The next thing I remember, I opened my eyes: I was on my back, and could see a large video screen from the Dartmouth auditorium. My fiancé was looking down at me, and I thought, “HAHAHA this is a dream! I get a do-over!” Because that always happens to me. I do a horrible job at something in a dream, and then I wake up and realize that the thing hasn’t even started yet, and I get a do-over! And when I wake up and my fiancé is there, that generally means that I am in bed, because I’m normal like that.
But then I saw the paramedics. Oh, my god. This is not a dream. This actually happened. A woman from the audience who knows CPR volunteered herself. I moved my fingers and toes and drank some water, and was ultimately escorted off the stage to the sort of applause the social contract requires us to provide in these circumstances.
Everyone was very nice. There was a gift bag. There was room service. I was sick the rest of the night, and kept telling my fiancé that I was sure I was going to die in my sleep from “bleeding on the brain,” something I learned about either from an episode of ER or from the game “Operation.”
I learned via text message that my best friend Molly Crabapple had been arrested for (peacefully) standing on a sidewalk at Occupy Wall Street. I then felt bad for feeling bad, since I had a king-sized hotel bed with at least nine pillows, and Molly was eating stale bread in a jail cell while, as she notes, other people (also jailed for no good reason) were being treated much worse than that.
In sum…
So, passing out onstage was basically the most mortifying thing ever. Oh, and my way of processing embarrassment is to compulsively talk to myself, so the whole night afterwards and the whole drive home was punctuated with my going, “Fuck fuck fuck fuck fuck. Rrrrgh. OHMYGOD.” My assistant empathized via email that she had once fainted during a presentation in high school.
There was supposed to be a Q&A after the speech, which I had really wanted to do. In fact, there was going to be Q&A, and then a small group discussion where I had agreed to walk around and chat with women at the different tables.
But, other than the Q&A, I think this is actually the only part of the speech I didn’t say:
So I think it’s a feminist act to talk to women about how to make more money, how to position themselves in the market in an imperfect society, and to say that you don’t have to be a martyr or a suffering ascetic for the cause. You can do it while enjoying the fruits of your own work, relishing the expertise and power you’re able to build over the years, and while drinking a good scotch. When you’re 21.
It’s been an honor to be asked to do this. Thanks to Jessica and the Center for Women and Gender for having me, and thank you to all of you for letting me get kind of intense during your dinner. I hope you’ll remember something from tonight and that it will make your path a little clearer and easier.

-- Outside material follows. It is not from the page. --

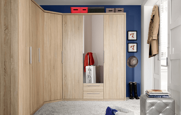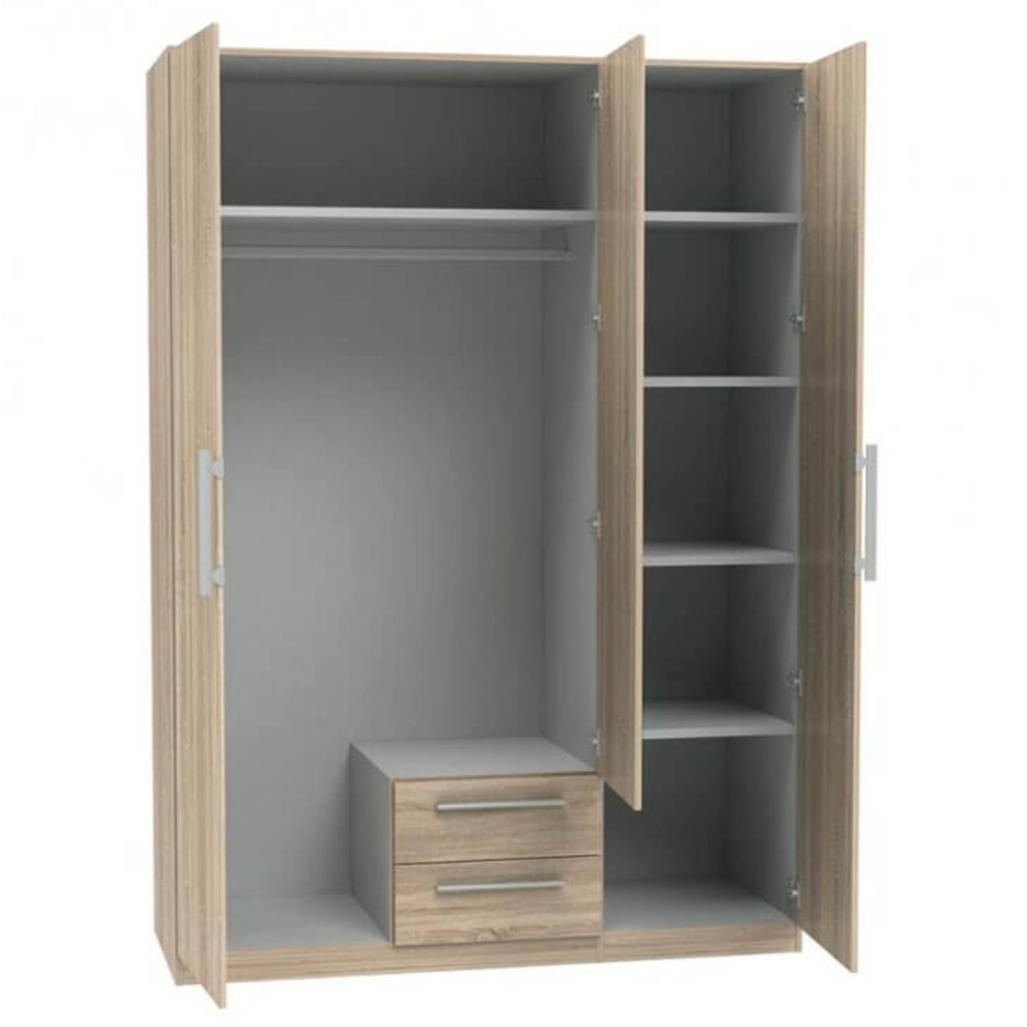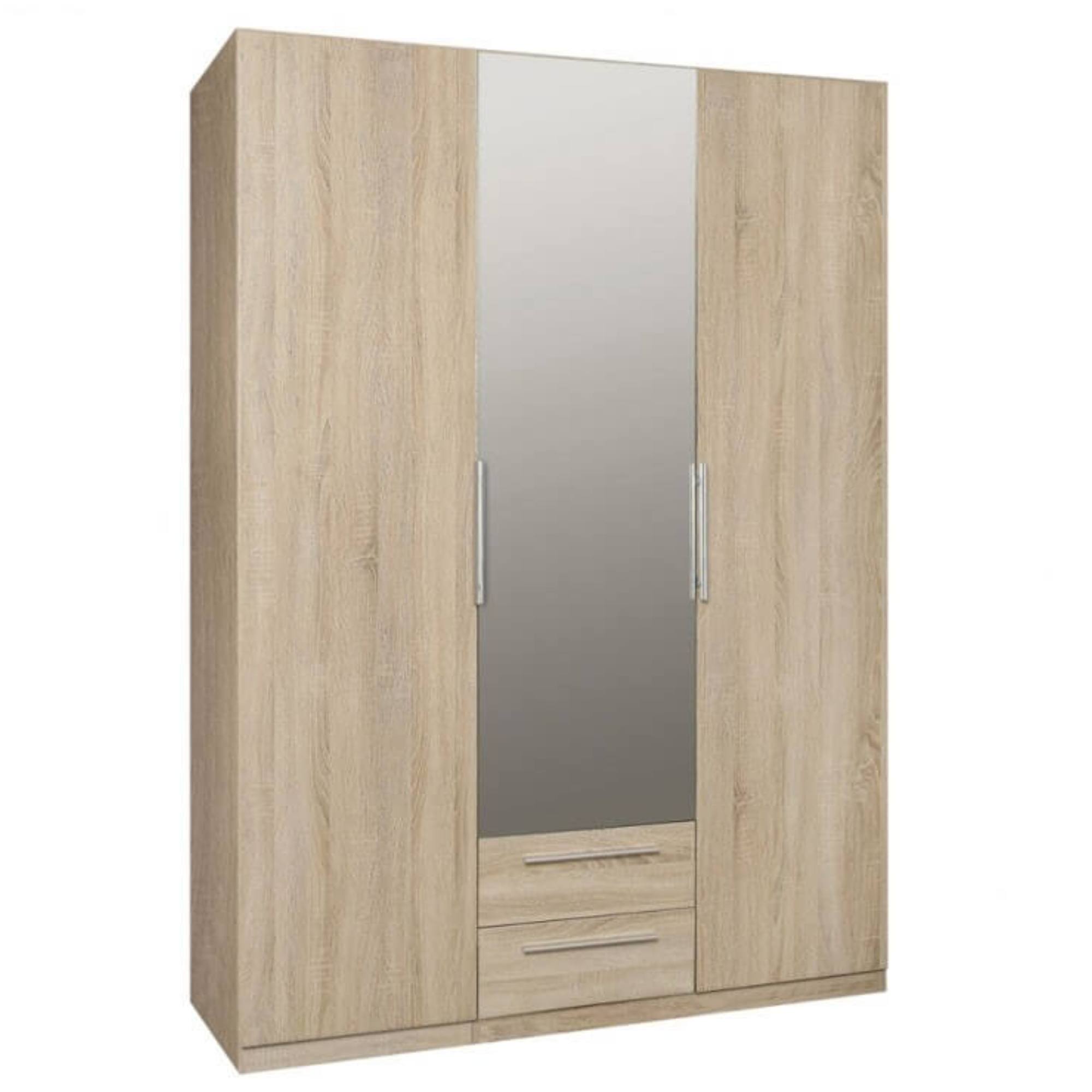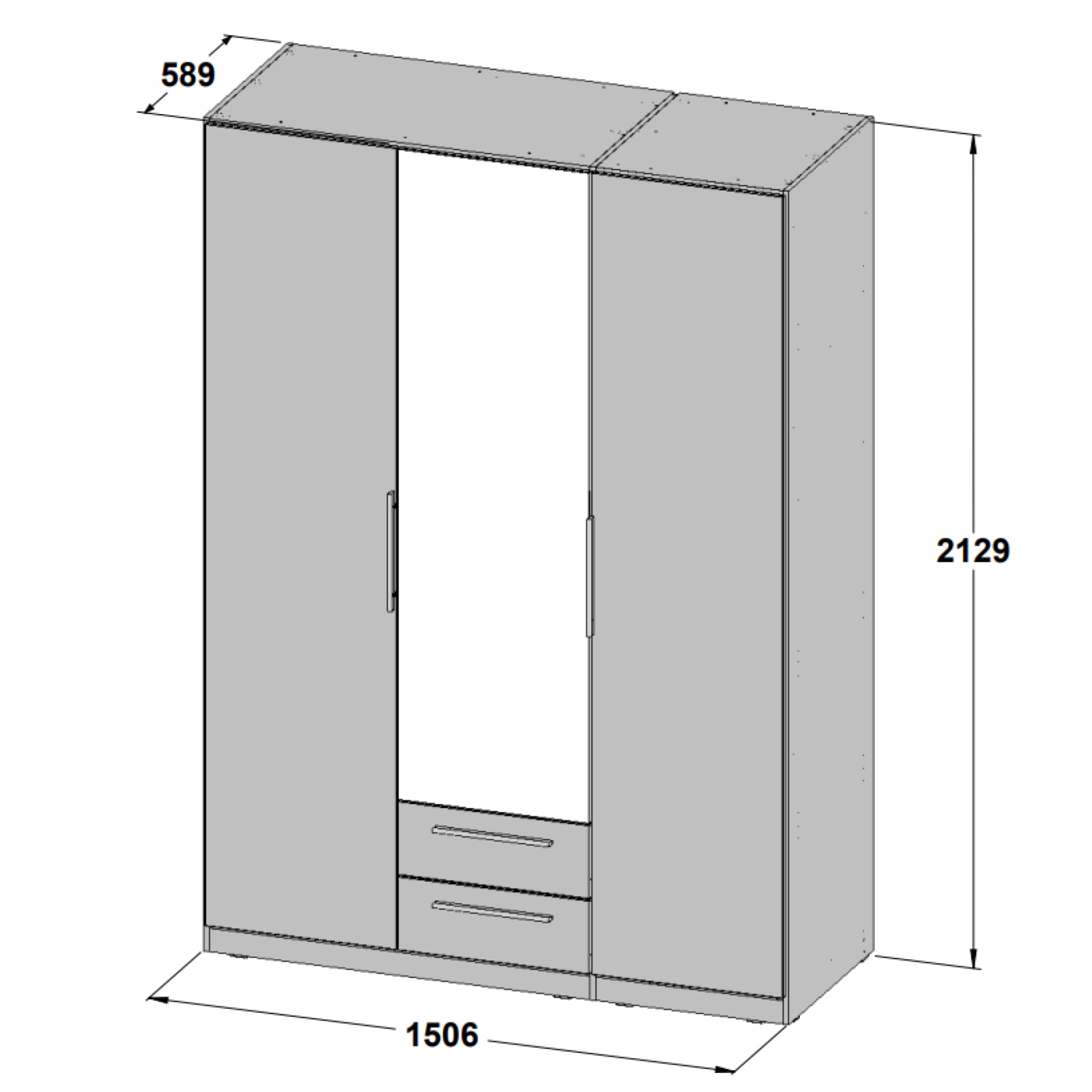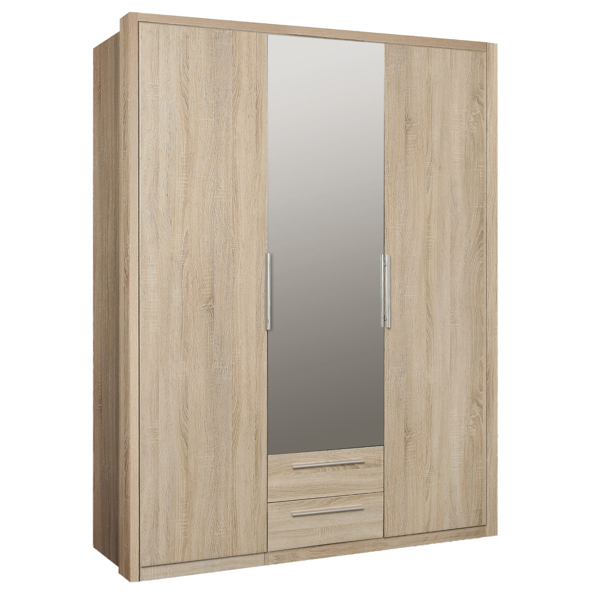 Skříň má 3 otočné dveře, z nichž 1 jsou vybaveny praktickým zrcadlem. Vnitřní vybavení je sestaveno z 5 vložených polic a 1 šatní tyče. Decentní úchytky usnadňují otevírání jednotlivých částí skříně. Na spodní straně skříně se nacházejí šikovné zásuvky. Skříň je vyrobena z laminovaného dřevěného materiálu, který je nenáročný na údržbu. Horní rámová lišta je součástí balení. Boční rámovou lištu lze dokoupit zvlášť.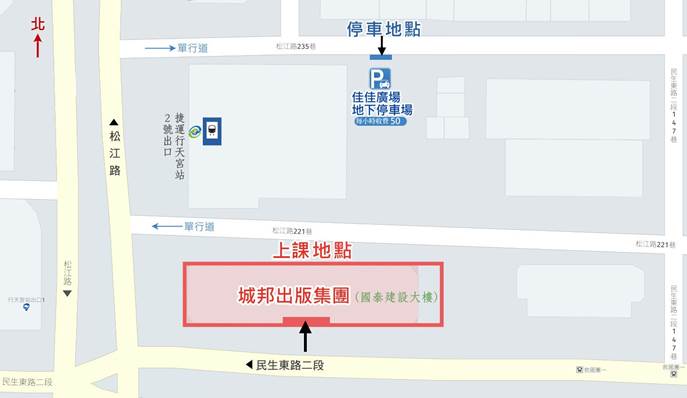 捷運行天宮站2號出口旁,國泰世華與城邦媒體大樓,一樓為城邦書房與國泰世華銀行。

That’s it. I was so close! And yet so unconscious! Thanks to Dartmouth for having me, and to the women who were there – you and I shared a moment, didn’t we? I still remember speakers I saw when I was in college, and none of them had medical emergencies, so I feel like, well, you’ll probably remember that part. I wish I could’ve answered any questions you may have had. It’s not too late – I’m easy to contact.
The next morning, I left Dartmouth pretty early to ensure that – despite a tornado warning – I made it to my show in the Brooklyn Book Festival. I was doing my educational comedy piece ¡The Punctuation Show! (How to Use Tiny Symbols to Make Meaning Without %$^&#* Up), which – at least in part due to driving rain and said tornado warning – was attended by thirteen people, one of whom took this photo (I’m wearing the gold jacket, on the left.) I really liked those thirteen people. I did not pass out even one bit.